*** Opening Source records ***

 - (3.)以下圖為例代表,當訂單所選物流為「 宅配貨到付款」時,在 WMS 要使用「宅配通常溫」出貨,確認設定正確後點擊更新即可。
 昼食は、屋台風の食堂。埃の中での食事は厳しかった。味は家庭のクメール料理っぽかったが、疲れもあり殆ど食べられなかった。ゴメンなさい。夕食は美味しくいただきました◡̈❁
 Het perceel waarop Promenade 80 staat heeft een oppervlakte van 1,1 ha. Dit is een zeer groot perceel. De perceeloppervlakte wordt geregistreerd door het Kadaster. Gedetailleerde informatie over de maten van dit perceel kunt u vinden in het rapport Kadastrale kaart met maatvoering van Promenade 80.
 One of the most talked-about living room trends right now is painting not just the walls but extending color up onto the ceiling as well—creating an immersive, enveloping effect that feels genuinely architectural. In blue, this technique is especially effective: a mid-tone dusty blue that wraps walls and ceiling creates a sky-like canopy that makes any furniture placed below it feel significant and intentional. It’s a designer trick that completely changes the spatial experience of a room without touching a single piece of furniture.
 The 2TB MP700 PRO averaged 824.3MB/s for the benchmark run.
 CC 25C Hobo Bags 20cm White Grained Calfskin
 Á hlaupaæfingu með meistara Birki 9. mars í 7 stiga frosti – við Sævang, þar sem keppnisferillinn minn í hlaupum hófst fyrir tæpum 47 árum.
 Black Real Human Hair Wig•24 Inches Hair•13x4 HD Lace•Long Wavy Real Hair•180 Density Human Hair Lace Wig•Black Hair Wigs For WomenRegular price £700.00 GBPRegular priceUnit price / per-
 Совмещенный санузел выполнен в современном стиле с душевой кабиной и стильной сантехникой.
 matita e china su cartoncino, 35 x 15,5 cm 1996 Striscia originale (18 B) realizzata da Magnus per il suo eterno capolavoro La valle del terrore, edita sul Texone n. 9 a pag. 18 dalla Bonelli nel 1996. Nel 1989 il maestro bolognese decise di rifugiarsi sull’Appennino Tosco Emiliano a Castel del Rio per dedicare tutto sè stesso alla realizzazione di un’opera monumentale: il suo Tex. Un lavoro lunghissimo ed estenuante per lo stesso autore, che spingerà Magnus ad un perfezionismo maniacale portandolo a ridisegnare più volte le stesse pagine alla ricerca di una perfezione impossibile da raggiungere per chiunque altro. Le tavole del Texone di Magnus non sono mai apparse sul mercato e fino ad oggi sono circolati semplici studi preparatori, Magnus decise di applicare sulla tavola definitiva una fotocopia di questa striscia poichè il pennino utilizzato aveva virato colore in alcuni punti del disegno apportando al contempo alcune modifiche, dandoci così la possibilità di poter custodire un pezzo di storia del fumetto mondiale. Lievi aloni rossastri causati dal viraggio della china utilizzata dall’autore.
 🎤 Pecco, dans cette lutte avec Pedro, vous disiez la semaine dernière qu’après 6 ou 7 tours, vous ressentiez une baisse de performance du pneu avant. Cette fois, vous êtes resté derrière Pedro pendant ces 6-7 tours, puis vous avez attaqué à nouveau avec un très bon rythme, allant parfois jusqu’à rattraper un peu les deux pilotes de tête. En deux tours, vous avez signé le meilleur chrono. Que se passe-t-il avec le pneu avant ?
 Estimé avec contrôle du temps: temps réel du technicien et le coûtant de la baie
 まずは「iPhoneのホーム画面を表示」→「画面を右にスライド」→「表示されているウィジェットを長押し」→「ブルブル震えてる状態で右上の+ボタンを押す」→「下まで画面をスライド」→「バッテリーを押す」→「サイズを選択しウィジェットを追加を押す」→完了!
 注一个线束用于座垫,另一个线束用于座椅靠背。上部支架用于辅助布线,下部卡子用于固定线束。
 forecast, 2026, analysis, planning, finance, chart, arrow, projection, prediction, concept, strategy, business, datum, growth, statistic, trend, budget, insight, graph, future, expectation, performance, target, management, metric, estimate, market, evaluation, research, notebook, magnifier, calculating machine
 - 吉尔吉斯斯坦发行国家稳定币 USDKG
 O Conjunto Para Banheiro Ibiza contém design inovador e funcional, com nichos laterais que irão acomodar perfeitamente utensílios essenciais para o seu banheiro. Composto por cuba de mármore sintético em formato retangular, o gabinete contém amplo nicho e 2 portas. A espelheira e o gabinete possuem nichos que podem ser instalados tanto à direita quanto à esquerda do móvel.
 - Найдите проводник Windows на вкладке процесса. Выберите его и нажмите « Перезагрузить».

*** Closing Source records ***

**Task to complete**
Copy out precisely those lines which run from the one containing "Estimé avec contrôle" to the end of the material.

**Written reply**
 Estimé avec contrôle du temps: temps réel du technicien et le coûtant de la baie
 まずは「iPhoneのホーム画面を表示」→「画面を右にスライド」→「表示されているウィジェットを長押し」→「ブルブル震えてる状態で右上の+ボタンを押す」→「下まで画面をスライド」→「バッテリーを押す」→「サイズを選択しウィジェットを追加を押す」→完了!
 注一个线束用于座垫,另一个线束用于座椅靠背。上部支架用于辅助布线,下部卡子用于固定线束。
 forecast, 2026, analysis, planning, finance, chart, arrow, projection, prediction, concept, strategy, business, datum, growth, statistic, trend, budget, insight, graph, future, expectation, performance, target, management, metric, estimate, market, evaluation, research, notebook, magnifier, calculating machine
 - 吉尔吉斯斯坦发行国家稳定币 USDKG
 O Conjunto Para Banheiro Ibiza contém design inovador e funcional, com nichos laterais que irão acomodar perfeitamente utensílios essenciais para o seu banheiro. Composto por cuba de mármore sintético em formato retangular, o gabinete contém amplo nicho e 2 portas. A espelheira e o gabinete possuem nichos que podem ser instalados tanto à direita quanto à esquerda do móvel.
 - Найдите проводник Windows на вкладке процесса. Выберите его и нажмите « Перезагрузить».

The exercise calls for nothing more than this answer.